Si le rêveur entre de lui-même
dans la géhenne on peut penser qu’il va bientôt mourir. Pour tout dire c’est un
mauvais signe. Car il est dit dans le Livre des Rigueurs : Seigneur écarte-nous
de la géhenne et des commissariats. Les tourments y sont perpétuels. Les températures
importantes. Ce sont de mauvais lieux pour s’arrêter et se reposer. Seigneur
aide-nous à reconnaître les flics lorsqu’ils se promènent en civil. Ou bien se
tournent en belles brunes. Car il est dit dans le Livre : Seigneur parfois
les flics s’essuient la suie du visage et leur image se trouble. On ne
distingue plus la mort figée dans leurs prunelles comme dans celles de
mannequins de cire. C’est là que leur répression est la plus terrible.
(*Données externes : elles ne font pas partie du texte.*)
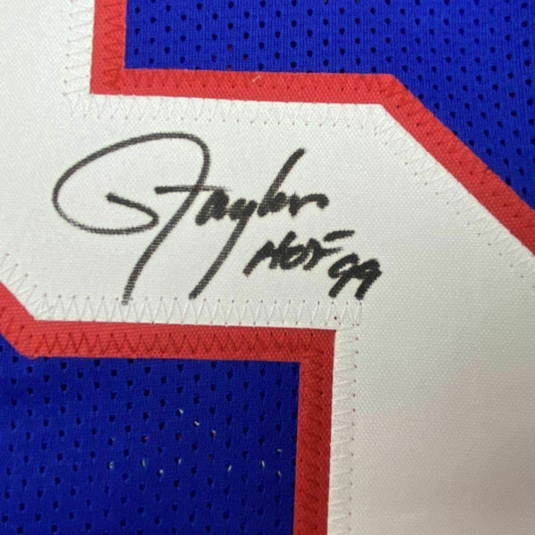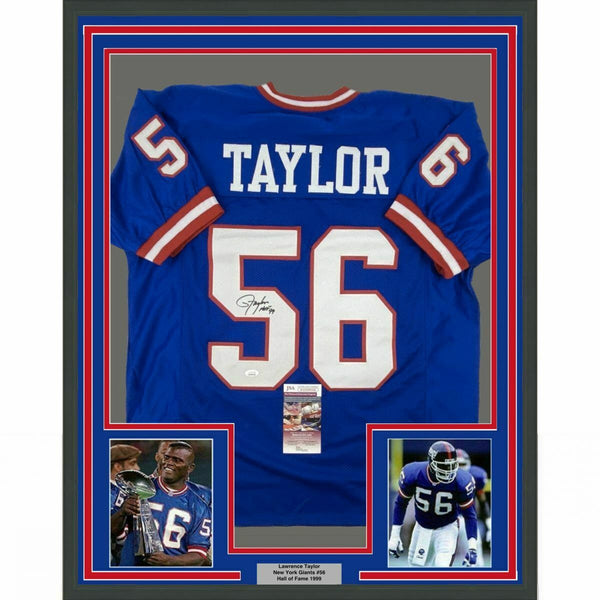 FRAMED Autographed/Signed LAWRENCE TAYLOR HOF 33x42 New York Blue Jersey JSA COA The item is professionally framed & matted with two 8x10 photos, measures 33"x42" and is ready to be hung in your man cave! NOTE: COA card will be mounted on the back of the frame, not inside it on top of the jersey as seen in the picture. Please allow up to 5 business days for the item to be framed, packaged safely, and picked up by UPS. Photo and matting requests can be made.

Seigneur
parfois les flics sont de belles à brunes avec un large derrière. De grandes
brunes à cul de jument. Elles se parfument et se roulent dans la myrrhe qui
suinte des murs des cimetières pour ; que l’on sente moins la mauvaise
odeur qui se dégage comme du sulfure de leur derrière. C’est là que leur répression
est la plus terrible. Elles sont en panne d’amour et leurs conduits intérieurs jamais
débouchés accumulent la myrrhe qui se condense dans la partie sur laquelle
elles s’assoient. Seigneur un jour la misère faisait rage dehors et m’a fait
entrer de moi-même dans un commissariat pour y occuper un emploi. J’ai cru que
je pourrais m’y arrêter et m’y reposer. A présent je suis mort sous la terre et
j’ai chaud. J’ai fondu comme cire au soleil. Je suis entré dans un commissariat
on m’a lavé et parfumé à la myrrhe des cimetières. On m’a appris la langue des
chiens on a voulu me forcer à cogner un suspect comme on cogne dans la cire
fusible d’un mannequin. Comme j’ai refusé je suis mort. J’arrivais rien à
aboyer et je suis mort. On a voulu me forcer à faire l’amour avec des hommes
tournés en brunes qui en avaient après l’odeur de suif de ma fourrure et
cherchaient à se l’engloutir dans le derrière. A faire la chose d’amour avec
des juments-flics dont la répression fut terrible. Seigneur à présent je sais j’ai
eu tort. La misère n’était pas une excuse. C’est bien fait si j’ai brûlé tout
mon suif.
Antoine Brea, Roman Dormant, Le Quartanier, 2014, p. 96-97
Roman dormant prétend nous rapporter la voix d’Abû
Bakr (654-728), interprète des rêves dans le monde musulman. « Roman Dormant
est le nom du livre (…), car il est d’or mais par endroit il ment. » La
lecture du livre nous le confirme : qui dort ment et en mentant parle d’or. Ce n’est pas moi qui dirai le contraire.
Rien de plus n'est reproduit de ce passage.